Oleh karena itu bijak-bijaklah untuk mempertimbangkan.Saya sih tidak merekomendasikan putus, karena hal itu dapat mematahkan hati seseorang, dan rasanya itu sakit. Lebih baik dikomunikasikan, siapa tahu malah bisa menghangatkan kembali hubungan yang terlanjur dingin. Diri kalianlah yang tahu mana yang terbaik, tak ada satu resep jitupun tentang bagaimana harus menyikapi hal ini. Karena hubungan itu bukan makanan yang pasti resepnya.Ini soal pertimbangan, karena kita masing-masinglah yang akan menjalaninya.
Ketiga, Hal yang tak kalah pentingnya adalah jangan terjebak kenangan.Banyak dari kawula muda yang berat untuk memutuskan sebuah hubungan bukan karena masih cinta, melainkan karena merasa berat melepaskan kenangan yang pernah dilalui bersama.Kenangan tidak bisa jadi dasar yang kokoh dalam sebuah hubungan jika tidak ada rasa cinta.
Kenangan hanya bisa mempererat dan memperkaya nilai sebuah hubungan, oleh karena itu penting untuk memastikan, kita mencintai dia atau hanya sekedar takut sendiri, takut menjomblo hingga takut tidak ada yang memperhatikan?

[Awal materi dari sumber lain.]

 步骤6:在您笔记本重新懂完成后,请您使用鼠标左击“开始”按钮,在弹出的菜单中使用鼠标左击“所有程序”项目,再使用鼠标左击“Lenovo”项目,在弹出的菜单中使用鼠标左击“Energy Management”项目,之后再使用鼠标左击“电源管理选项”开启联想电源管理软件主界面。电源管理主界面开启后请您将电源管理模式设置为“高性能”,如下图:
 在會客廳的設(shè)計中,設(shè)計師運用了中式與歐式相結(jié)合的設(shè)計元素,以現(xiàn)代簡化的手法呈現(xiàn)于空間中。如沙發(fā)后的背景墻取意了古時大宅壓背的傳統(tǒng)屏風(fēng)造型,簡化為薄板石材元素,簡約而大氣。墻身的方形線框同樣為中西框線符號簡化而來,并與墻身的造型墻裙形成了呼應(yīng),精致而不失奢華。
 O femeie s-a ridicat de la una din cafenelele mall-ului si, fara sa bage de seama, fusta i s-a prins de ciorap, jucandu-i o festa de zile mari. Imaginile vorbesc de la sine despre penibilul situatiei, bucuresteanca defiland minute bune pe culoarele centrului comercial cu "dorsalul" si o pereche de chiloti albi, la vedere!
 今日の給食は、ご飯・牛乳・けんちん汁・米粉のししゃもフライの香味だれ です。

Keempat, Relakan dia. Hal ini tidak mudah, namun jika kita memang tak seratus persen mencintai dia,I love you full, sudah lepaskan saja.Bukan hanya dia yang nanti menderita, tapi kita juga.

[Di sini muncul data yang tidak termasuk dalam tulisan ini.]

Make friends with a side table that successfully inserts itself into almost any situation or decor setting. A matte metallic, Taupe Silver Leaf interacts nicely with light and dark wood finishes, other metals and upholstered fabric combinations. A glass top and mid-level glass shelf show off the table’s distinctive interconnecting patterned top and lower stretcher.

Mungkin diluar sana ada seseorang yang bakal membahagiakan dan sangat mencintainya namun terhalang karena kita tidak rela melepaskanya, demikian pun sebaliknya mungkin diluar sana ada seseorang yang memang jodoh terbaik untuk kita namun tak tergapai karena kita memaksakan hubungan dengan seseorang yang perasaan terhadapnya masih kita ragukan.Lakukanlah cara yang benar bukan cara yang mudah.
Kelima, Lakukan sekarang jangan sampai terlambat. Saya sebenarnya lebih tertarik pada pencegahan,maksudnya lebih baik selidiki dulu sebelum memilih pasangan dari pada pacaran dulu baru menyelidiki. (baca disini:Tips Memilih Pasangan Sejati Untuk Para Lajang Agar Anda Bahagia) Sudahlah tak usah coba-coba, mending yakinkan dulu diri apakah dia memang tipe yang kita inginkan atau bukan, berteman saja dulu tak usah buru-buru.

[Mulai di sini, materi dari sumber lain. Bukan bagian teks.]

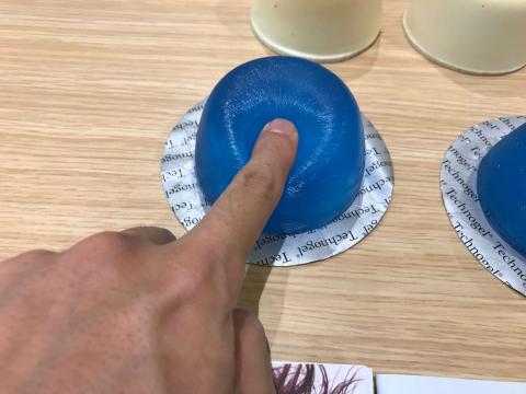同じ形の Technogel とウレタン素材を押してみて触感を比較するというもの。

Tak ada yang melarang pacaran, tapi setelah jalan beberapa waktu sebaiknya pastikan mau dibawa kemanakah hubungan tersebut.Jangan sampai pacaran lama tapi ternyata masih ragu-ragu, tapi ketika putus malah tidak terima.
Saya membagikan kisah kawan saya ini agar dapat jadi pelajaran bagi kita kawula muda. Saat kita menangis karena diputusin kekasih, itu karena memang cinta sama dia atau cuman karena nggak terima diputusin. haha ribet ya.